__Entries supplied__:
/---
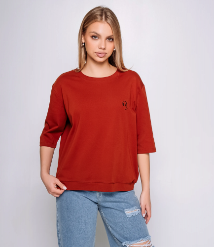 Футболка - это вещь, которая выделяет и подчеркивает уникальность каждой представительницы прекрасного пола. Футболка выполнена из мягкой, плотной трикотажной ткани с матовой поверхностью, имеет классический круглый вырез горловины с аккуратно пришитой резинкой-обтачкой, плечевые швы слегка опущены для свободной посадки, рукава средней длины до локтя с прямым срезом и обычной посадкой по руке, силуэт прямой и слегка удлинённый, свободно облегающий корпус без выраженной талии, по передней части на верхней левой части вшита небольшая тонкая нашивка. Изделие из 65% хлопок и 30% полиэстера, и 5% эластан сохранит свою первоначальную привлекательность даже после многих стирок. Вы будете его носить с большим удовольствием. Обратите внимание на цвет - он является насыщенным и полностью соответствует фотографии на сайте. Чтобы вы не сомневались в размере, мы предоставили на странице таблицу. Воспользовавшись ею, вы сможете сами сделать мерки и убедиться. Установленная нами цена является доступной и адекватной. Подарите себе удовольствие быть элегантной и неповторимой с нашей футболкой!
\---
/---
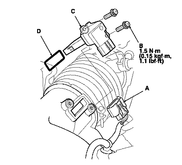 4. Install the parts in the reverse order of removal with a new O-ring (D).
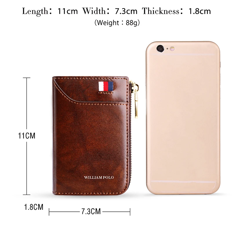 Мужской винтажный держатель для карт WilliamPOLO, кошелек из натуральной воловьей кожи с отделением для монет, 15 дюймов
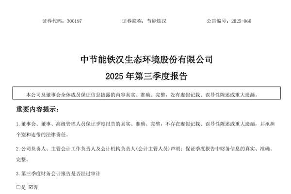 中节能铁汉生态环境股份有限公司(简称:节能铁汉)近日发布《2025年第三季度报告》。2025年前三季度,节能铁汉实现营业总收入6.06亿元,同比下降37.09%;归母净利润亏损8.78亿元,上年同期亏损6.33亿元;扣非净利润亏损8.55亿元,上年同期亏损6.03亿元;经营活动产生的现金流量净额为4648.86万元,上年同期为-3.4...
\---
__Work task__:
Reproduce, exactly and only, the lines of the records above starting at the line with "Мужской винтажный держатель" and ending at the line with "中节能铁汉生态环境股份有限公", both included. Leave every picture out.

__Your solution__:
 Мужской винтажный держатель для карт WilliamPOLO, кошелек из натуральной воловьей кожи с отделением для монет, 15 дюймов
 中节能铁汉生态环境股份有限公司(简称:节能铁汉)近日发布《2025年第三季度报告》。2025年前三季度,节能铁汉实现营业总收入6.06亿元,同比下降37.09%;归母净利润亏损8.78亿元,上年同期亏损6.33亿元;扣非净利润亏损8.55亿元,上年同期亏损6.03亿元;经营活动产生的现金流量净额为4648.86万元,上年同期为-3.4...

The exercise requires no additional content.